What is ‘firing and rehiring’?

Typically, an employer is only entitled to vary the terms of an employment contract if the employee agrees to the variation. However, if an employer is unable to vary the terms of the employee’s contract by agreement, one option is for it to dismiss the employee and offer to rehire them on new terms. The purpose of this is often financial (e.g. to reduce staff salaries in order to save costs) but can also be non-financial (e.g. amending employees’ hours of work for logistical reasons).

Why is it controversial?

The practice of dismissing and rehiring employees is often seen as controversial as the new terms offered to the employee are usually detrimental.

In recent months, a growing list of high-profile businesses have faced a backlash for using these tactics to enforce unfavourable changes to their employees’ contracts. The latest business to become embroiled in the controversy is Argos, which is accused of using the practice to enforce changes such as a reduction in annual leave and a requirement for employees to increase their pension contributions.

As employees risk unemployment if they refuse to agree to the new terms, the practice of dismissing and re-hiring can create a significant power imbalance between employers and employees during contract amendment negotiations. This can often result in employees being placed under undue pressure to accept less favourable terms.

What are the potential legal repercussions?

Whilst the practice of dismissing and rehiring employees has not been outlawed, employers should be mindful that making changes to employment contracts can be a complex legal matter which can leave them vulnerable to claims in the Employment Tribunal.

In particular, there is a risk that employees may bring a claim for unfair dismissal if they are dismissed or if they feel forced to resign rather than accept the new terms. There will also be cause for a wrongful dismissal claim if an employer, when dismissing and offering re-engagement, fails to give an employee the correct amount of notice.

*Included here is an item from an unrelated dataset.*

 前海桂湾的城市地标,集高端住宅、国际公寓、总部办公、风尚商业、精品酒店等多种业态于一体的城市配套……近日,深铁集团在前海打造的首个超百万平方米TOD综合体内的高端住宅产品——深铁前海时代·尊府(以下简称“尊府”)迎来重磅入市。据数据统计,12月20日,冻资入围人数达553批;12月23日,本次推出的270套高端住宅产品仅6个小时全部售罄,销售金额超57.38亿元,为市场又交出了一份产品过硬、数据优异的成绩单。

In addition to this, if 20 or more employees are being dismissed and rehired, an employer can face legal action if it does not hold a ‘collective consultation' process with any recognised trade unions or employee representatives.

How should an employer approach dismissing and rehiring employees?

Ultimately, it is sometimes necessary for businesses to take steps to change the terms of employment for commercial reasons.

However, before dismissing and rehiring employees, an employer should:

  1. Ensure there is a justifiable business rationale for making changes to employment contracts.
  2. Consider whether there are any alternative ways to cut costs e.g., voluntary redundancies, recruitment freezes or offering sabbaticals.
  3. Obtain legal advice on the potential legal ramifications of dismissing and rehiring employees.
  4. Communicate and consult with the employee to ensure that they have made every effort to reach an agreement before taking steps to dismiss them.
  5. Follow a fair dismissal procedure, including offering the right of appeal.
  6. Give the employee the correct amount of notice of dismissal, even if offering them immediate re-engagement.